25 November 2014

Realising Your Filmmaking Dreams

By Cassio | Categorised in News

Author: Jonny Persey, CEO of Met Film School

Last Thursday, Chris Bould, Met Film School’s Head of TV and leader of our multicamera courses, showed me a beautiful piece that his BA programme(BAF12) class had shot that morning (live footage, with no post production – one of a series of inserts that will feature in their final magazine shows). Watch “Austeja Kasakaityte dances” – a BA (Hons) Practical Filmmaking Exercise Photo: from “Austeja Kasakaityte dances”

It’s a 3 minute piece about a cleaner with aspirations to be a dancer. While she’s cleaning the office, the space transforms into a studio as her dream is realised.

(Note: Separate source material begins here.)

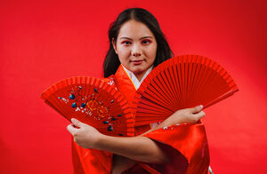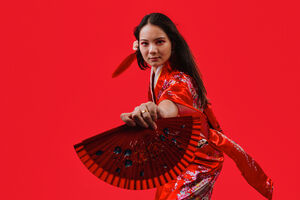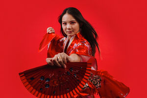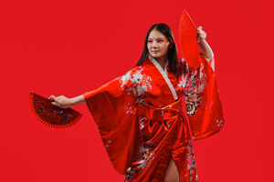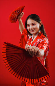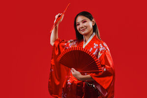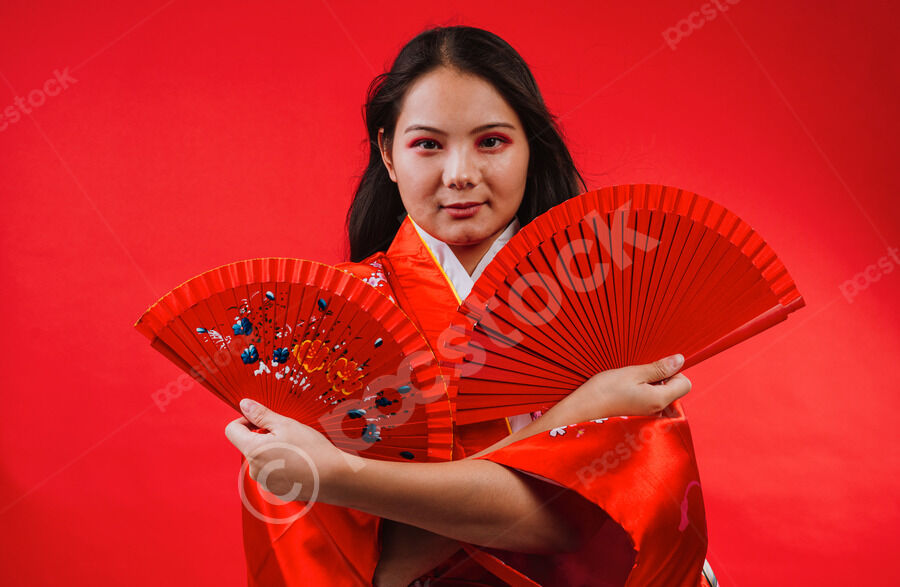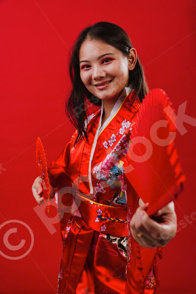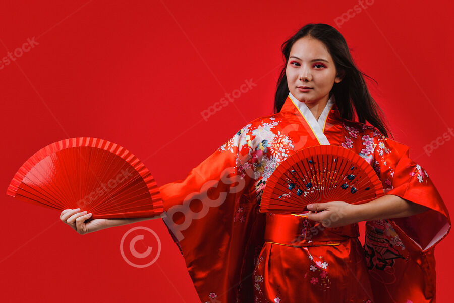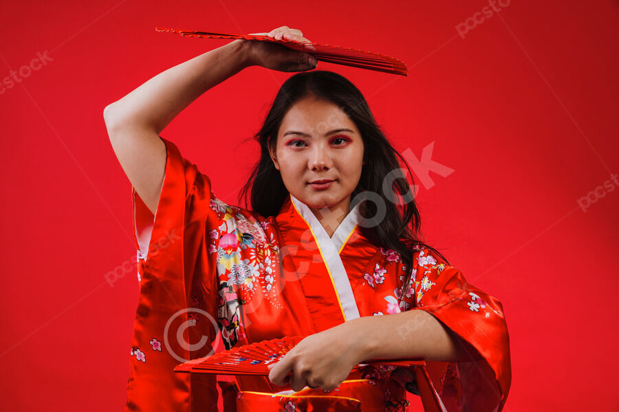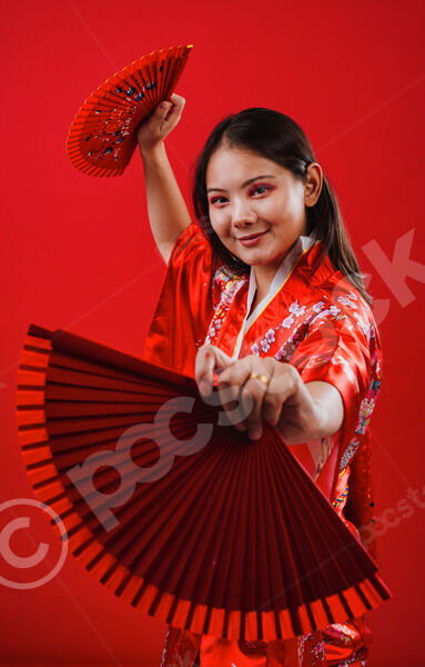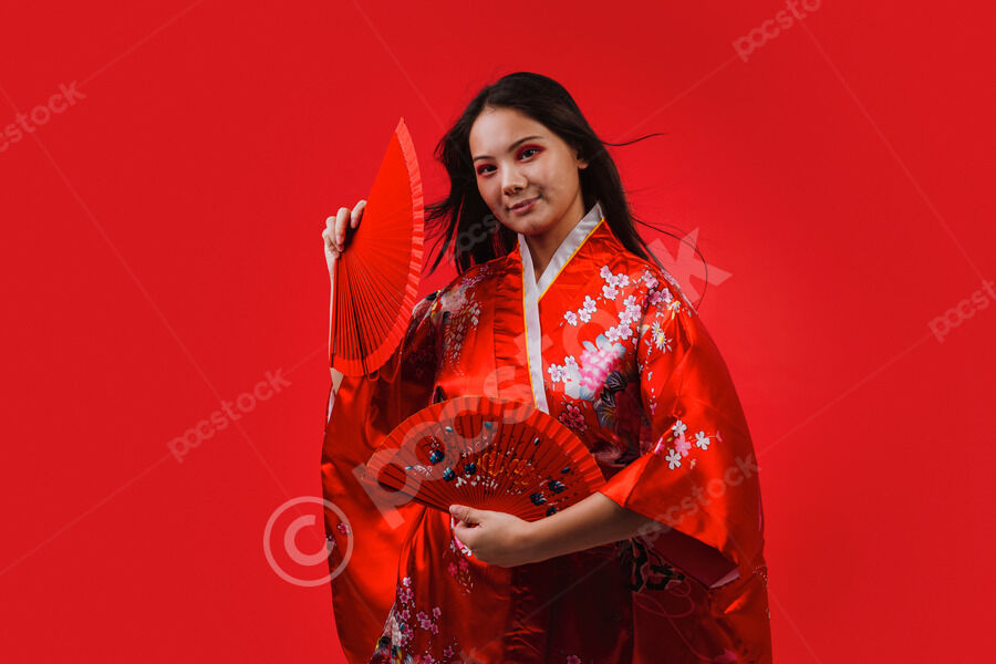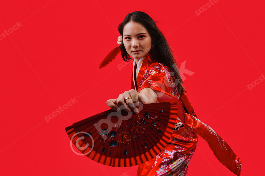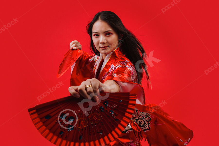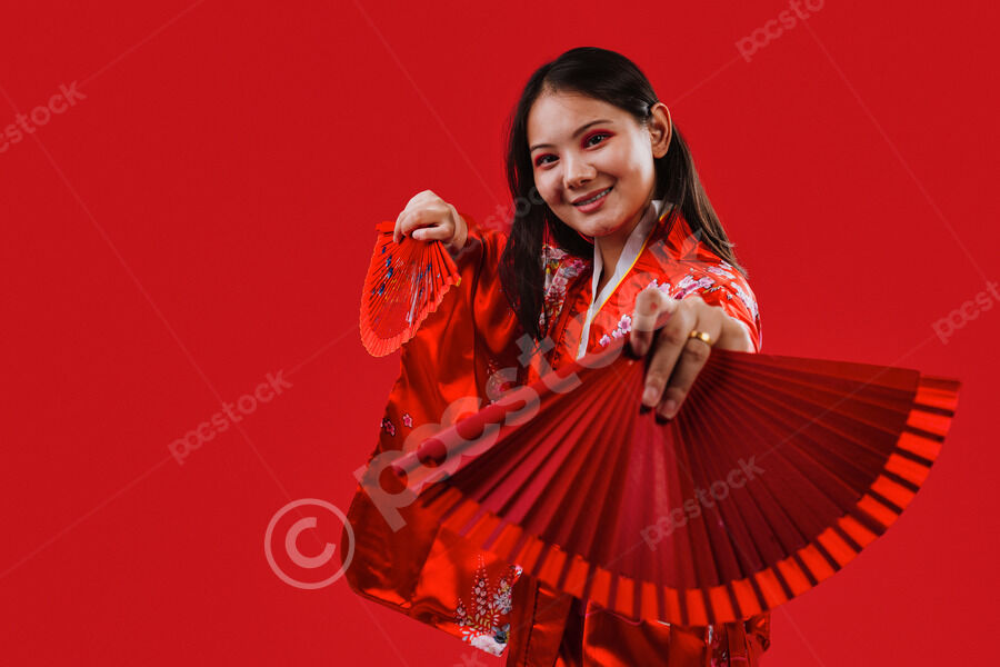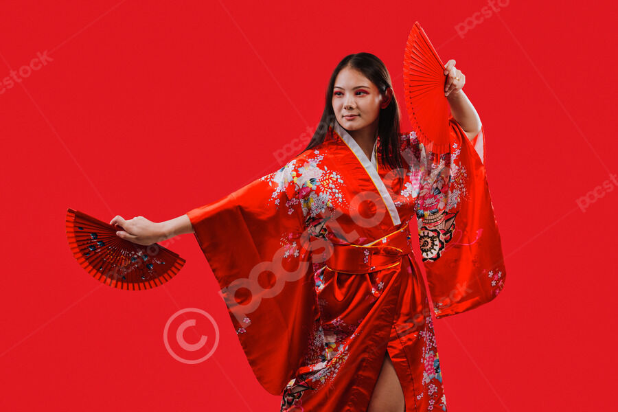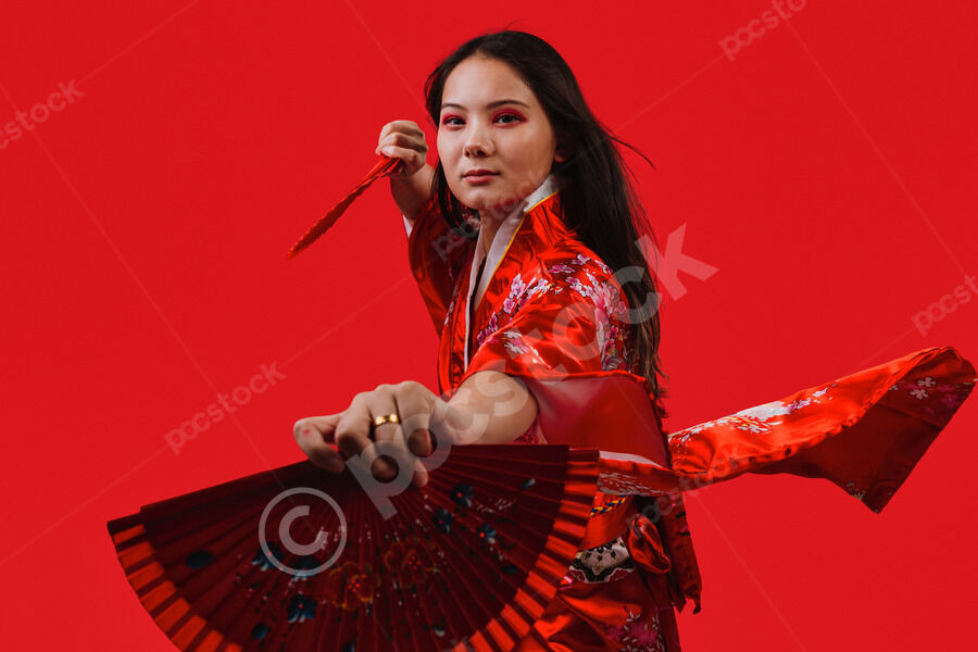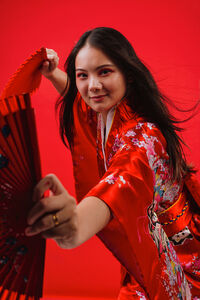 Chinese woman wearing traditional red kimono with floral patterns holding two red hand fans and smiling while dancing against red background in studio

The director of the film, Phoebe Saatchi said: “I wanted to experiment with movement and visual narrative. Shooting it was I think as liberating an experience for me and the crew as it was for the dancer, Austeja Kasakaityte – also because of the freedom and pressure in the moment that shooting live provides.”

It must have been a dreamy Thursday, because that evening I interviewed Hollywood producer and manager, David Kanter, who is shooting Bastille Dayat Ealing Studios at the moment – as part of the Met Film School “In conversation with” guest speaker series.  When one student asked a question about realising her dreams, David’s response was that she must focus on the here and now, and not allow herself to be subsumed by her dreams.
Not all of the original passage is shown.